Les retours d’expériences post conception (CX) deviennent de plus en plus importants pour les futures itérations en révélant les “unmet needs” (les besoins cachés) et en permettant de lier la techno à l’UX. Prenez l’exemple du système de scan de carte de crédit pour la saisie des informations de paiement. Depuis quand ce système est répandu ? Très récemment. Depuis quand la technologie est disponible ? La caméra ? L’ICR (Intelligent character recognition) ? Presque une éternité à l’égard de l’histoire des smartphones : 8 ans. Alors pourquoi n’a-t-il pas été déployé avant ? Parce que nous UX, nous étions sûr de notre méthodologie, de notre savoir. Si nous avions prêté plus attention au CX, à observer l’usage, nous nous serions bien évidemment rendu compte que n’importe quel utilisateur rencontrait des difficultés à saisir ces informations (leur CB dans une main, leur smartphone dans l’autre) et qu’une autre voie était possible car la technologie était déjà là.

De la même façon, il faut également prendre en compte la technologie beaucoup plus que nous le faisons aujourd’hui. Anticiper les nouvelles technologies prochainement déployées afin d’anticiper nos futures interfaces, les moyens d’interagir avec elles, d’apporter un plus grand confort d’usage et une plus grande satisfaction à nos utilisateurs. Mais aussi avoir une réflexion poussée sur l’IA, la façon dont elle peut nous servir, dont elle peut servir les utilisateurs et comment y greffer notre expertise. Comme l’explique Thomas H. Davenport3 dans son livre The AI Advantage : “Beaucoup d’entreprises aujourd’hui annoncent fièrement « On a une IA ! », et « Elle a été intensivement testée. ». Mais est-ce que c’est seulement suffisant ? Que signifie « Nous avons une IA » ? A vrai dire pas grand-chose, à partir du moment où elle n’a pas de réalité tangible pour l’utilisateur, qu’elle n’a pas été pensée et normée par des designers. ” En clair, l’IA n’est pas notre ennemi. C’est un outil comme un autre. A nous de l’employer à bon escient, de participer plus activement à son élaboration, de rendre cette expérience riche pour nos utilisateurs.

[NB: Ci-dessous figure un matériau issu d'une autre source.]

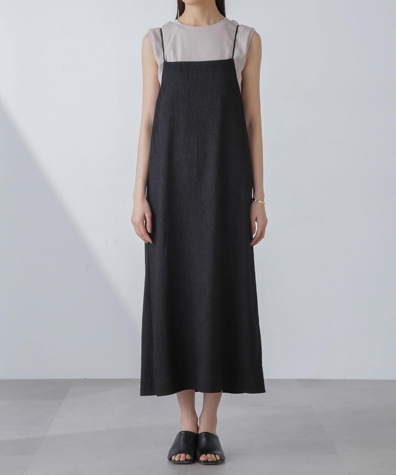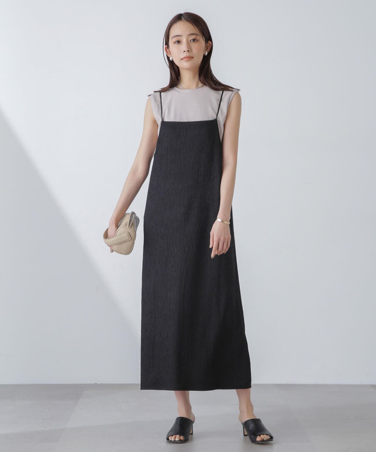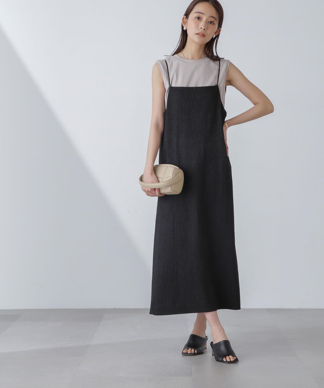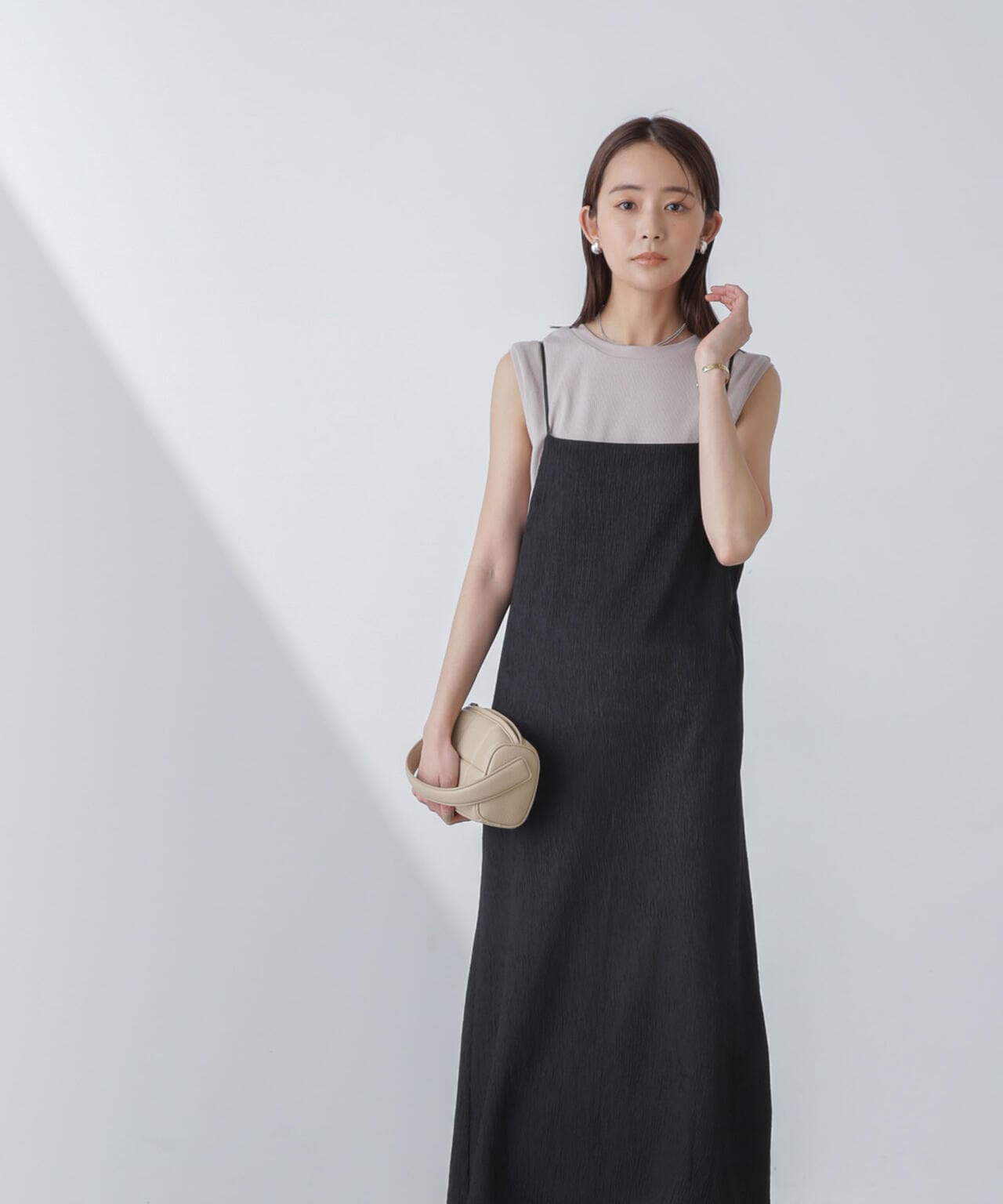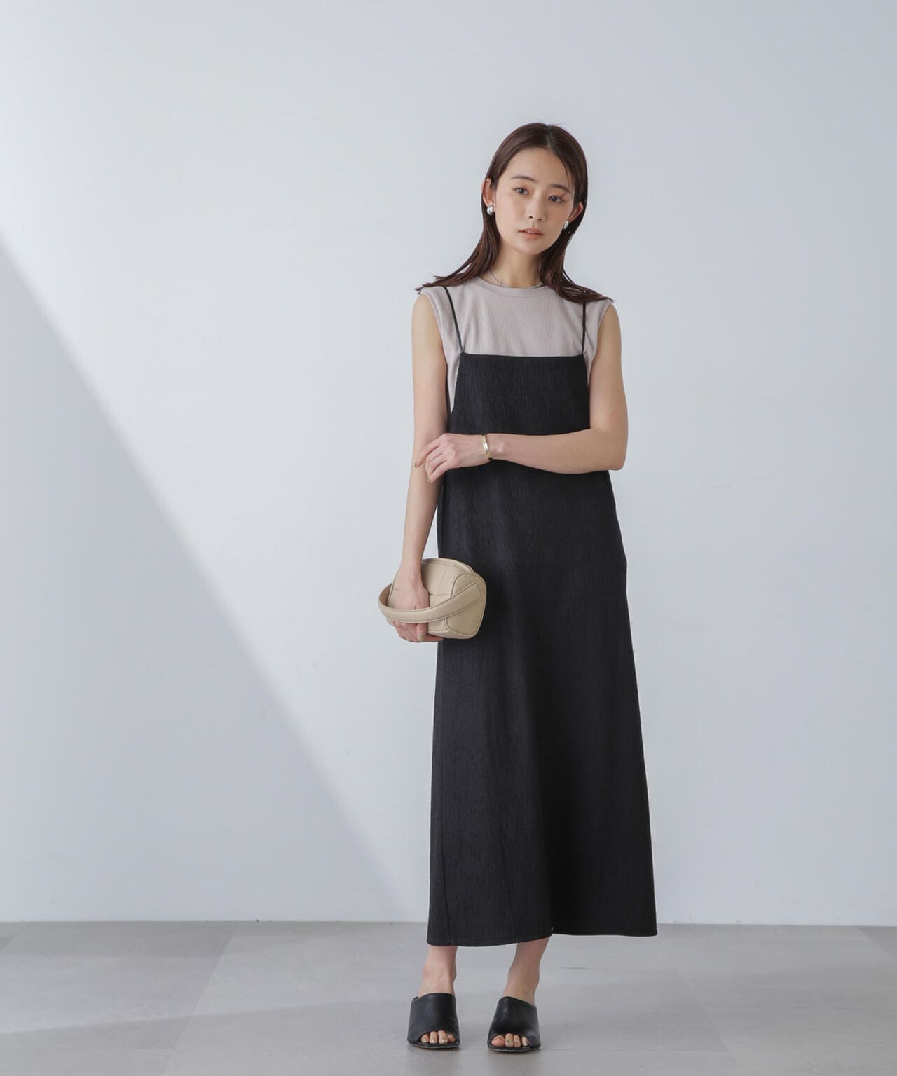 ・表面感ある素材で仕立てたシンプルながらも存在感あるキャミワンピース

Enfin, ne perdons pas de vue le caractère business et stratégie digitale de nos projets. Comme pour les sujets précédents, nous devons nous impliquer plus que nous n’avons l’habitude de le faire. Là aussi les challenges sont trop importants pour que le sujet soit simplement effleuré. En termes de maturité digitale dans leur transformation, les entreprises sont divisées en trois groupes : Early, Developing et Maturing. Les études de Jeanne Ross4, chercheuse au MIT prouvent que les deux premiers groupes mettent en place des stratégies digitales qui ne correspondent ni véritablement à leur cœur de métier, ni aux besoins réels de leurs utilisateurs et clients, et c’est là la principale raison de leur échec. “Vous devez impliquer vos clients et utilisateurs dans le processus de définition de vos offres digitales, à la designer et concevoir avec eux.” ajoute-t-elle. Et c’est là précisément notre rôle !
Mais notre importance est également dans la captation des besoins utilisateurs déjà existants, notamment les latents, afin d’être force de proposition pour de nouveaux business digitaux.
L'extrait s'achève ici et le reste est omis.